1886-1919 by Michael Flaherty, white earthenware,glaze, terra sigillata, photo courtesy of the artist
I spent a good part of my energy last week rewriting an article for C magazine. It is a review of Michael Flaherty's exhibition Rangifer Sapiens, which translates from Latin, as wise caribou. I have always been interested in Flaherty's work because it was clear he stood out from the herd (no pun intended). He was a very different kind of creature than most potters or ceramic artists that I have had the pleasure and occasionally frustration of working with or writing about.
And I know a good number of clay folk. You figure when I edited Fusion magazine back in Toronto the Ontario Clay and Glass Association had a membership of 800. I've also worked with the Nova Scotia Guild of Potters and similar groups in New Brunswick, Alberta, etc.
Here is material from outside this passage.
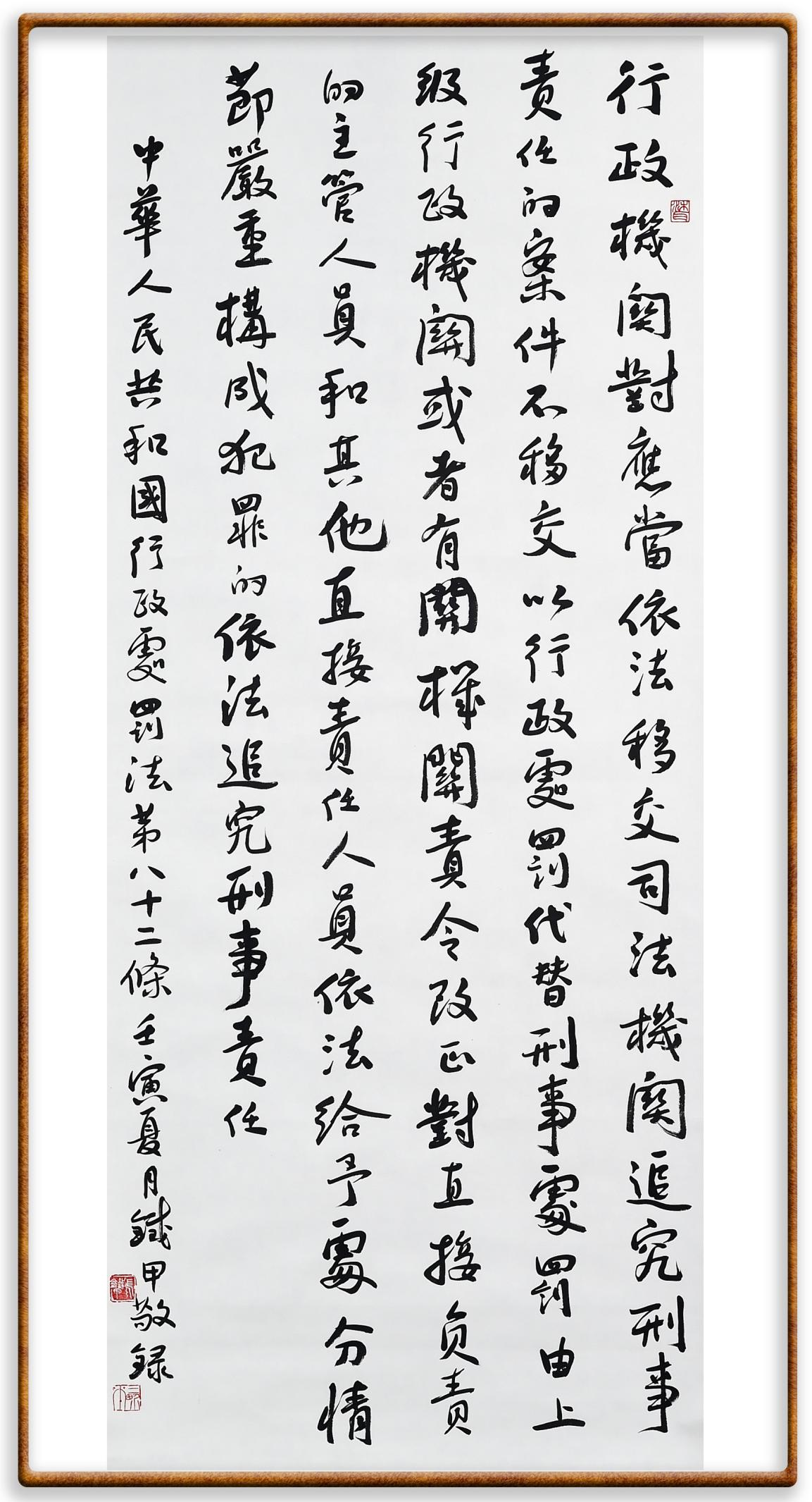 繼《中華人民共和國民法典》《中華人民共和國土地管理法》《中華人民共和國土地管理法實施條例》《中華人民共和國法律援助法》之后,法治日報社聯(lián)合北京市司法局、北京書法家協(xié)會,將筆端對準《中華人民共和國憲法》和《中華人民共和國行政處罰法》。

One of my fondest memories is of working out at Banff for Les Manning. I have a collection of thank you pots from Robert Archambeau, Harlan House, Ron Roy, Lucky Rabbit Pottery, Brian Banfield, King's Point Pottery, and sculpture from Ann Roberts, Reed Weir and Aleksandr Sorotchynski. A collector once asked me "what kind of art do you collect?" To which I responded, "I don't collect art, I collect artists. (The flip side of that is because I was an arts writer I couldn't afford to purchase from galleries.)
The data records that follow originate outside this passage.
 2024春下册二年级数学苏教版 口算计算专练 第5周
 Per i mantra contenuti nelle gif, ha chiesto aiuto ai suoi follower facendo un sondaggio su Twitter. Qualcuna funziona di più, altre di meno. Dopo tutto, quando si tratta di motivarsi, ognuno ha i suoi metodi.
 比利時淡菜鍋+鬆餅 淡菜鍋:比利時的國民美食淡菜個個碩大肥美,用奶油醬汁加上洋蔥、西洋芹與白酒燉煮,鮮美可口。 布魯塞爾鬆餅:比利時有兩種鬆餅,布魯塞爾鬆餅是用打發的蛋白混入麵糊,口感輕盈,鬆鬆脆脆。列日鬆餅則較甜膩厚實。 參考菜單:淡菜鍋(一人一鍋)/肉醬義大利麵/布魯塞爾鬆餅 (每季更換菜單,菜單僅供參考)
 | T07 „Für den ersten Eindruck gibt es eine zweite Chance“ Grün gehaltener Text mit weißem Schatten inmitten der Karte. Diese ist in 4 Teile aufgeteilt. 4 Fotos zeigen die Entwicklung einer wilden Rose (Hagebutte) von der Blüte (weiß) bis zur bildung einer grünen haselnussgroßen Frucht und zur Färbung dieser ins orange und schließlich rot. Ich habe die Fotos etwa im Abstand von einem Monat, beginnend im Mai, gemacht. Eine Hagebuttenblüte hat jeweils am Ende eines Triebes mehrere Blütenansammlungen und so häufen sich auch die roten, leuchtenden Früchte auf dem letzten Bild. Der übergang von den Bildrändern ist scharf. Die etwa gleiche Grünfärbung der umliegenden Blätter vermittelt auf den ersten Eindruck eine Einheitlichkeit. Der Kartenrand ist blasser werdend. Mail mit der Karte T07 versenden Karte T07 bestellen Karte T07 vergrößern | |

1882-1951 by Michael Flaherty, white earthenware,glaze, terra sigillata, photo courtesy of the artist
When I moved to St. John's, NL the thank you presents were at first from painters like Shawn O'Hagan and others. I've also framed my thank you prints from Christine Koch. I have a tiny framed weaving of a polar bear from Suzanne Swannie that she made after her time in the arctic. I still remember her saying about the Inuit ladies she worked with, "they sew like angels". She really prized those tiny neat stitches. It resonated with her European sensibility of masterful technique. There was a touring show from the Textile Museum that was on at a gallery in Halifax a few years ago. It featured a 2-storey high figure of a plump naked woman made out of plush, acrylic fur. In retrospect I realize it was about body image and related issues. When we talked about that show, Suzanne said simply that it made her sick. She found it revolting. That's when I realized how the landscape of craft was changing. It wasn't just about technique or materials anymore it was about issues. Big issues.
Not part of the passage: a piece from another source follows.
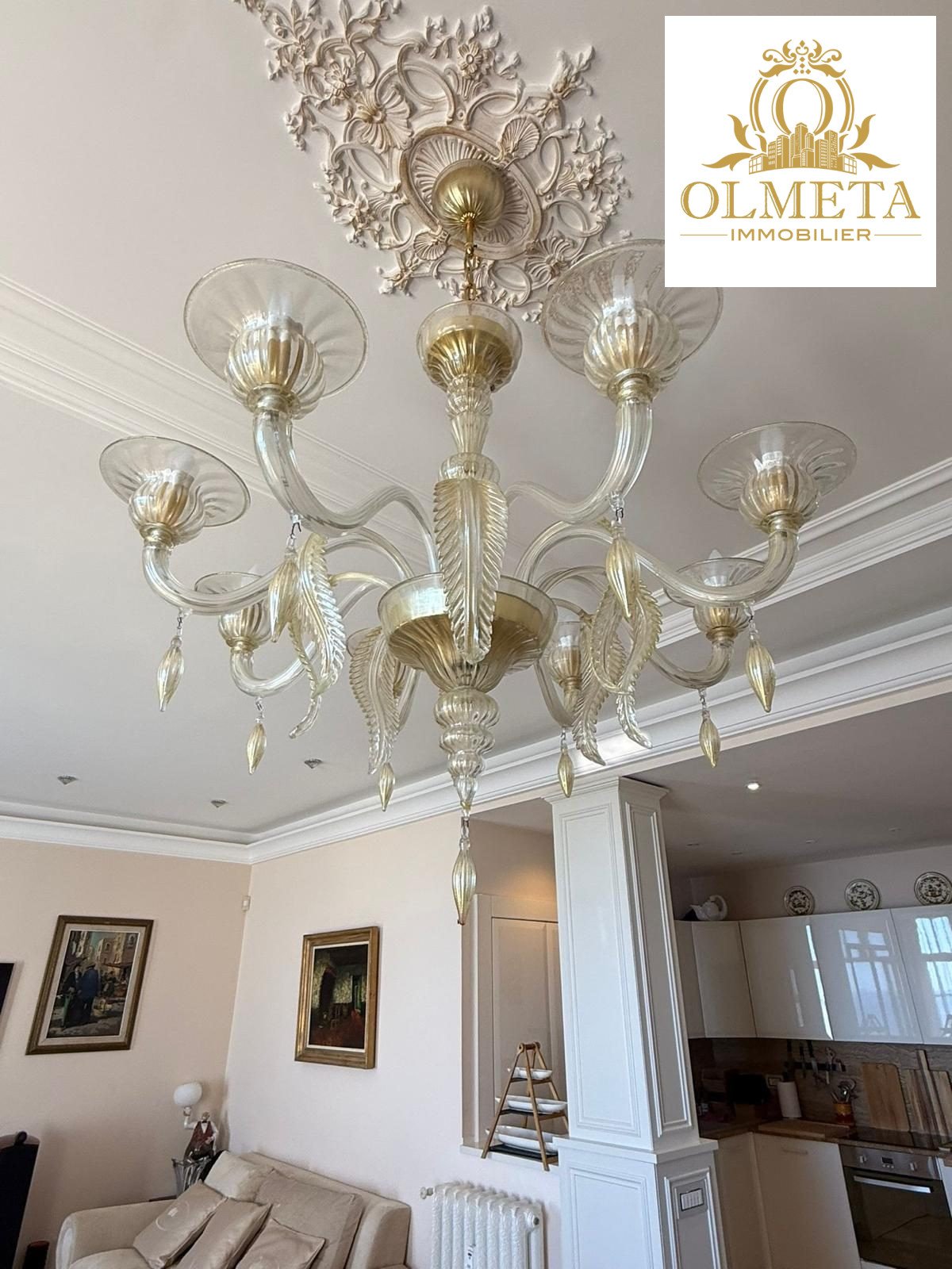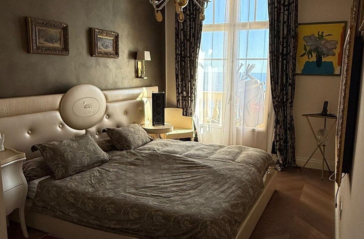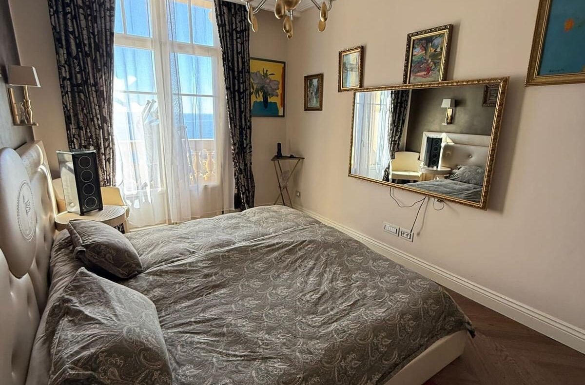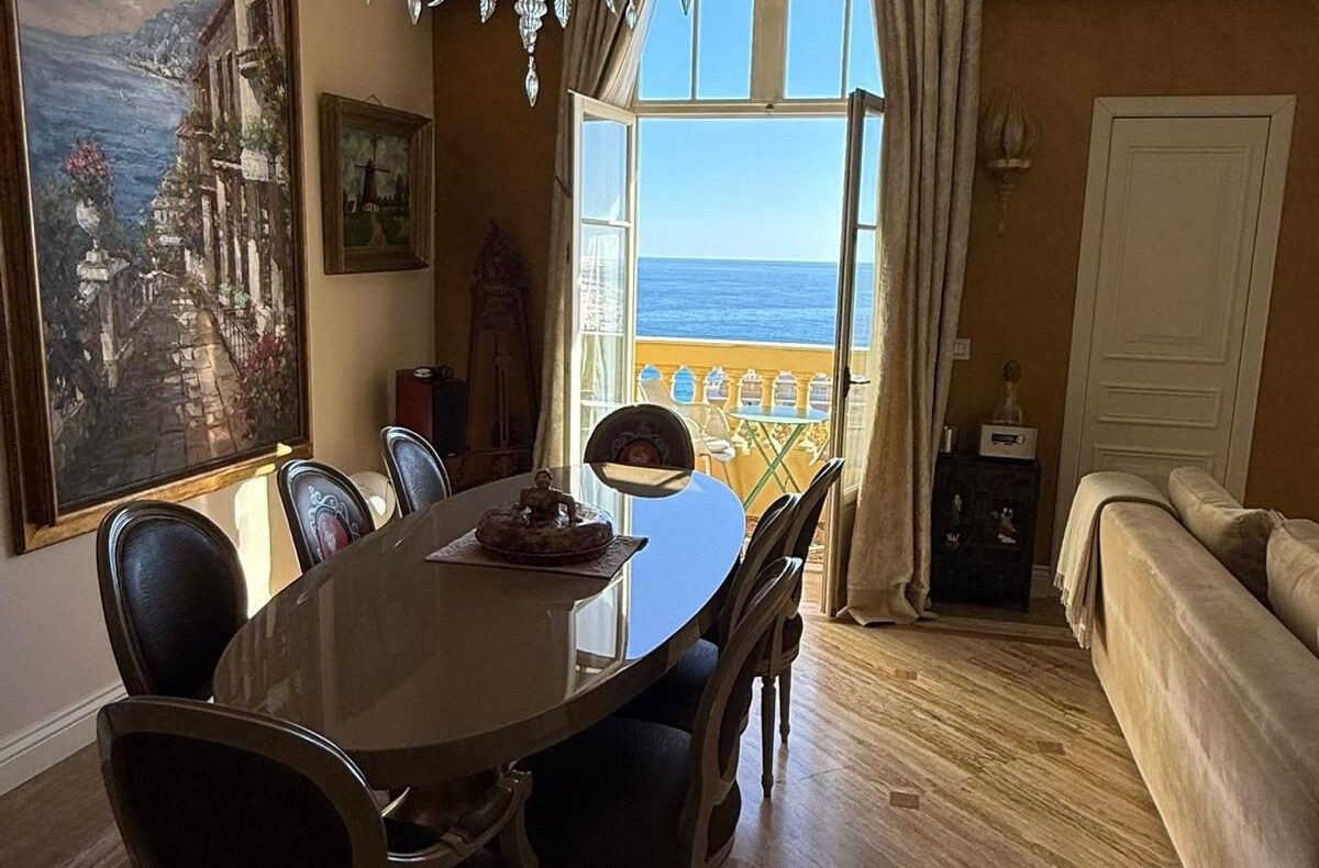 Au dernier étage d’un des plus prestigieux palais Belle Époque de Menton, entouré d’un parc arboré aux essences méditerranéennes. Cet appartement de 135 m² incarne l’art de vivre à la française, alliant avec grâce le charme d’antan au confort le plus moderne.

By the time that review of C magazine rolls off the presses it will represent more than two weeks of my time. I spent a day in the Newfoundland Study Centre at the MUN library reading about caribou (can you tell the difference from a Newfoundland caribou and a Labrador caribou?), days on line reading about resettlement in the province, I looked at back issues of C magazine, researched Flaherty's past work and of course spent at least two hours in the exhibition I was reviewing drawing and making notes. The funny thing is I don't know whether I will get paid for it. I never even asked. Occasionally I write for scholarly journals because I enjoy the critical rigour and the disciplined thinking it requires. They usually don't offer writer's fees, as their writers are career academics, which are expected to "publish or perish". C magazine has an excellent editor, Amish Morrell. He is thoughtful and sensitive and knows how to read between the lines and tease out ideas. Working with him is professional development for me as a thinker and writer. My other motive in doing the article is that I want to encourage Michael Flaherty. I don't know his career aspirations per se but I suspect he is destined for a university or art college position. His work deserves critical attention and if he wants that position in the future he will need a resume with a review from C magazine on it.